In the Philippines more than 500 Volunteers are teaching in hundreds of villages. The MANILA EVENING NEWS wrote: “Peace Corps workers achieved in less than two years an understanding with Asian peoples that promises to pass all tests.”

In Sarawak Peace Corps Volunteers working far out in the bush country have helped to find new locations for bridges and roads, causing a high local official to say: “They’re not your people anymore, they’re mine.”

In Arequipa, Peru a communist group on October 30th demanded the “immediate expulsion of the Peace Corps from the country.” They were answered, but not by the Peace Corps, or the government of Peru, or by the oligarch and landowners. They were answered by the Association of Slum Dwellers of Arequipa, with whom our Volunteers live and work. “We raise our most energetic protest,” the slum dwellers’ leader said, “against the attitude of a few persons who did not see the reality of the benefits being received by thousands of workers.”

In Malaya a guitar was stolen from the home of a woman Volunteer. That day two local youths came to see the girl and explained that they were sure the guitar would not have been taken if the thief had known she was a Peace Corps Volunteer. The next day the guitar was back.

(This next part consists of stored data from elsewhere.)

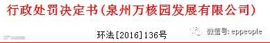 泉州万核园发展有限公司辐射安全违法一案,经我部调查,现已审查终结。
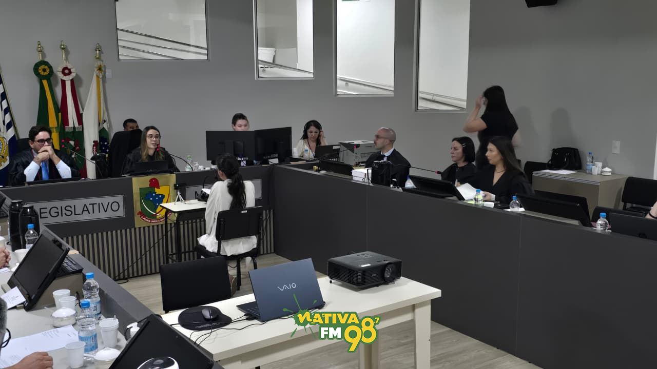 O Tribunal do Júri iniciou, na manhã desta quinta-feira (26), o julgamento dos irmãos Davi Santos Camargo e Dionatan Santos Camargo, acusados de homicídio qualificado pela morte de Adair José Buss. A sessão começou por volta das 9h, nas dependências da Câmara de Vereadores de Capinzal.
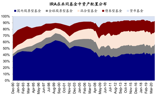图表: IRA在共同基金中的资产分布主要以国内股票基金为主,截止2020年末,占比高达43%
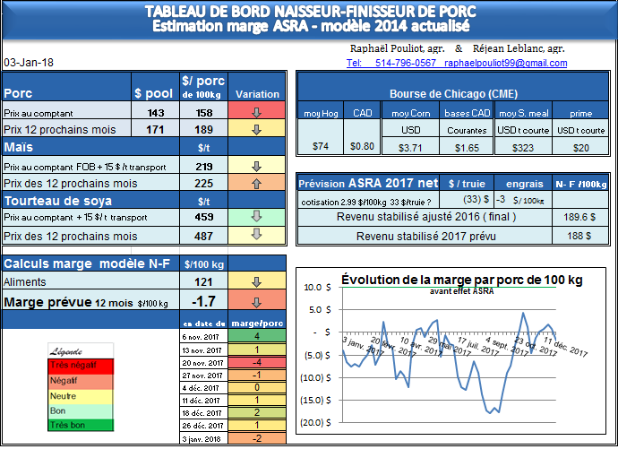 - La marge 1 an est maintenant négative à – 1,7 $/porc.
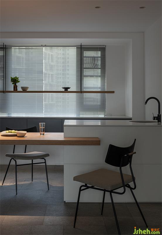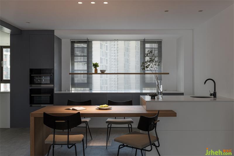 輕食區(qū)是定制的組合式島臺,成都黑白灰設(shè)計采用白色與原木色搭配,在開放又包容的空間,讓居住者之間擁有更好的互動體驗。
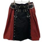 CHOPOVA LOWENA チョポヴァ・ロウェナ 24AW レザーベルテッドチェックスカート レッド S IT2CGL8KA91E

On a larger scale, three months ago in the Philippines I received, on behalf of the Peace Corps, the Ramon Magsaysay Award--a $10,000 prize given to persons in Asia who “exemplify in spirit, integrity and devotion to liberty,” the late President of the Philippines. Sometimes this award has been called Asia’s equivalent to the Nobel Prize. Nominations are made by sixteen countries and checked out at the grassroots level. Never before had a non-Asian group won this award. But perhaps the greatest testimony to the impact of the Peace Corps-- the sincerest form of flattery--is the fact that other western nations are following our lead. In the past year nearly every European country has expanded or established Peace Corps programs of their own. It is not an exaggeration to say we are on the verge of seeing the Peace Corps movement become the most widespread, peaceful volunteer movement the world has ever seen.

But the work the Peace Corps is doing abroad is only part, and perhaps not the most important part, of the Peace Corps story. I came here across central Asia, visiting Volunteers in the towns and villages of Turkey, Iran, Afghanistan, Pakistan, India and Nepal. On my earlier visits to Thailand I have come not merely to Bangkok but to Marashumkan, CbiOngamaj dorn, Ubol, and other towns and villages. On these trips I have seen much of the world and many remote places. But my own voyages are insignificant compared to the experiences of our Volunteers who are in almost 3,000 different places in Asia, Africa and Latin America.

In terms of the history of your civilization it is a short time since the world discovered America. But it is now, and through the Peace Corps Volunteers, that America is discovering the world.

They are not discovering the world of history books and maps—of the tourist brochure, the guided tour, and the movie travelogue. It is not the world of the big cities and the important people.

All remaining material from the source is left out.